## DATA BLOCK
▼

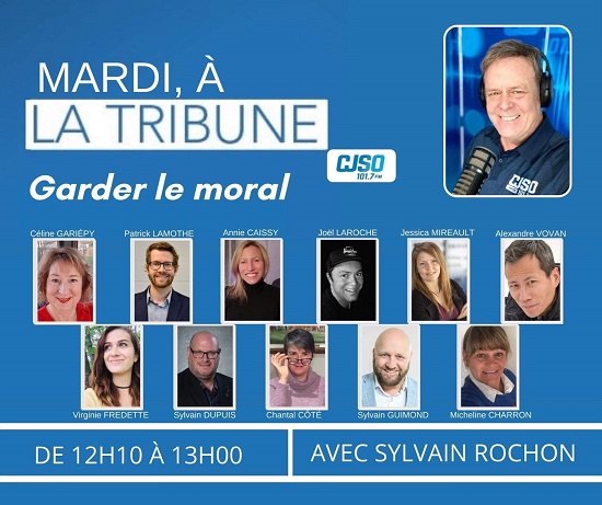 Comment conserver le moral après deux ans d’une pandémie qui n’en finit plus ? Sylvain Rochon reçoit, ce 18 janvier, à La Tribune, Céline Gariépy, Patrick Lamothe, Annie Caissy, Joël Laroche, Jessica Mireault, Alexandre Vovan, Virginie Fredette, Sylvain Dupuis, Chantal Côté, Sylvain Guimond et Micheline Charron.
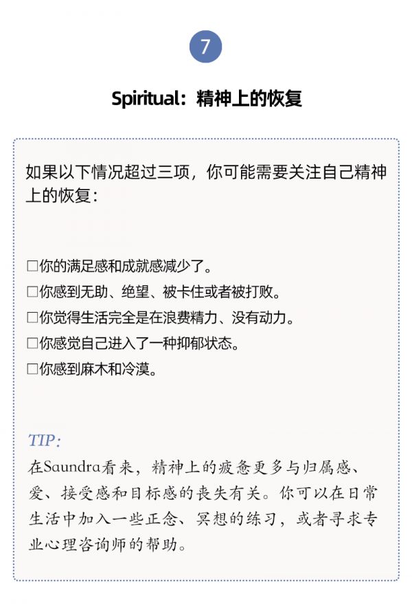 内科医生 Saundra Dalton-Smith 根据研究和临床经验,提出了 7 种类型的休息方式,帮助人们确定,你现在最需要的是哪一种。
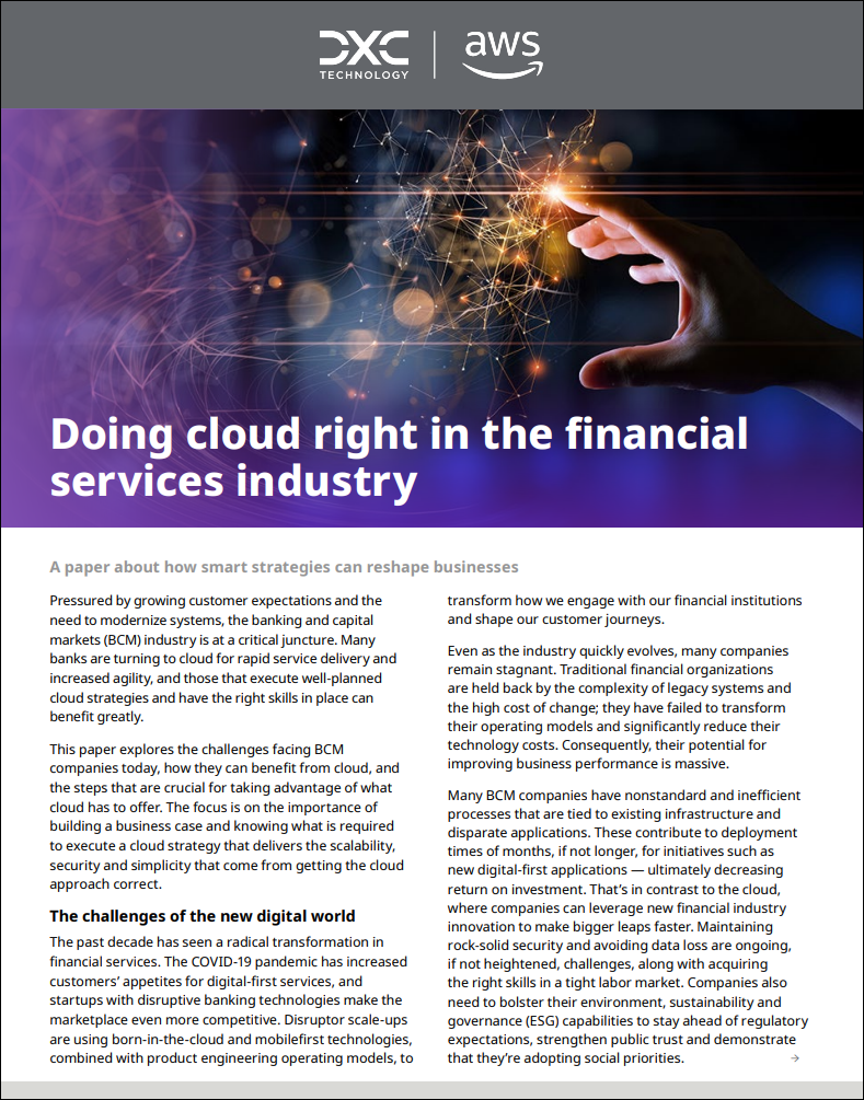 Financial services organizations face mounting pressure to modernize systems and deliver faster, more agile services. Cloud adoption is key—but success depends on having the right strategy, skills, and partners in place. With thoughtful execution, banks can unlock speed, scalability, and long-term value.

▲

## ABOUT THIS EXERCISE
The lines from the beginning of the listing above through the line holding "内科医生 Saundra Dalton-Smith" are to be duplicated exactly, and the pictures omitted.

## EXPECTED OUTPUT
 Comment conserver le moral après deux ans d’une pandémie qui n’en finit plus ? Sylvain Rochon reçoit, ce 18 janvier, à La Tribune, Céline Gariépy, Patrick Lamothe, Annie Caissy, Joël Laroche, Jessica Mireault, Alexandre Vovan, Virginie Fredette, Sylvain Dupuis, Chantal Côté, Sylvain Guimond et Micheline Charron.
 内科医生 Saundra Dalton-Smith 根据研究和临床经验,提出了 7 种类型的休息方式,帮助人们确定,你现在最需要的是哪一种。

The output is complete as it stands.